Yesterday, someone from the Baltimore City Public Schools took an hour out of their day and ran through every listing in my Maryland and Virginia Winery Map. I’m pretty sure it was manual and not a bot or search engine spider because it took them just a hair under an hour to get through all the listings. The same thing happened to my happy hour listings site last week. Both sites were written in Ruby using the Rails framework, which lends itself to this sort of thing.
Companies go to great lengths to prevent this kind of information harvesting. If you have sensitive information like private data or the stuff that Salesforce keeps around, then of course it makes sense. But, we’re at the forefront of an age where non-private information is going to be free. I don’t fly the rally flag that “information wants to be free,” I’m just saying that it will be free. The music industry is realizing this. The newspaper industry is realizing this. The movie industry will get around to it soon. People aren’t going to be able to make the same living doing the same things because the cost of replicating their information or art is going to zero and it is going there fast.

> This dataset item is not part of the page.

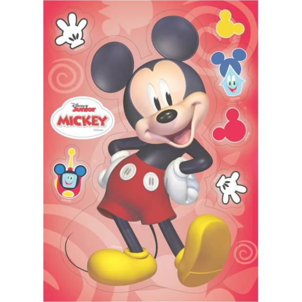 Gedrucktes Papier mit dem Motiv von Mickey Mouse enthält mehrere Silhouetten zur Herausnahme. Danach können Sie es einfach auf jede Oberfläche auftragen, z. B. Torten und Cupcakes, verschiedene Kekse.

Instead of re-thinking business models or embracing change, people still get bent out of shape about it. I don’t. Go ahead and scrape the whole site. The person who scraped it yesterday may have been doing something cool with it like making a collage or something. Maybe they were just really into something I don’t understand. Who knows. I didn’t create the information on the winery map, I just went around and harvested it from all over the place, often from the wineries themselves. I even made it easy to do (in case you’re thinking of joining in) by providing everything in list form. Run that through your DB import script and go to town. There are other winery info websites out there, some are better than mine, and I’m too busy to really worry about it.

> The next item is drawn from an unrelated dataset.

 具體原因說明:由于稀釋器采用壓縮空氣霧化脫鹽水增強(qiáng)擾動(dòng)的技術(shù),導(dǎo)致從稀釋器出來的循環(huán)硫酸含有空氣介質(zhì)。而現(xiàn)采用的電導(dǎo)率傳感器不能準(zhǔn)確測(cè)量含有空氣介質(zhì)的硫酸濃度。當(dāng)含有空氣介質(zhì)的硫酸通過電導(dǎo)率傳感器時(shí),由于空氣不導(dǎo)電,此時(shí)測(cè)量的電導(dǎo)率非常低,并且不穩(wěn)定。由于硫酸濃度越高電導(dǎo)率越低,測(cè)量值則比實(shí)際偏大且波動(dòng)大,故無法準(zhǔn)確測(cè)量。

My point is that everyone who makes money on sales of information has the clock ticking on them. The wine business is lucky that their product is real and you can’t reel off a torrent of 2000 Grange. You can, though, protect retail listings, or charge for your reviews. Go right ahead, but that will change, and the next generation will find it to be a foreign concept.

June 25th, 2008 at 5:26 am
We’ll make a hippie out of you yet. You sound like Cory Doctorow.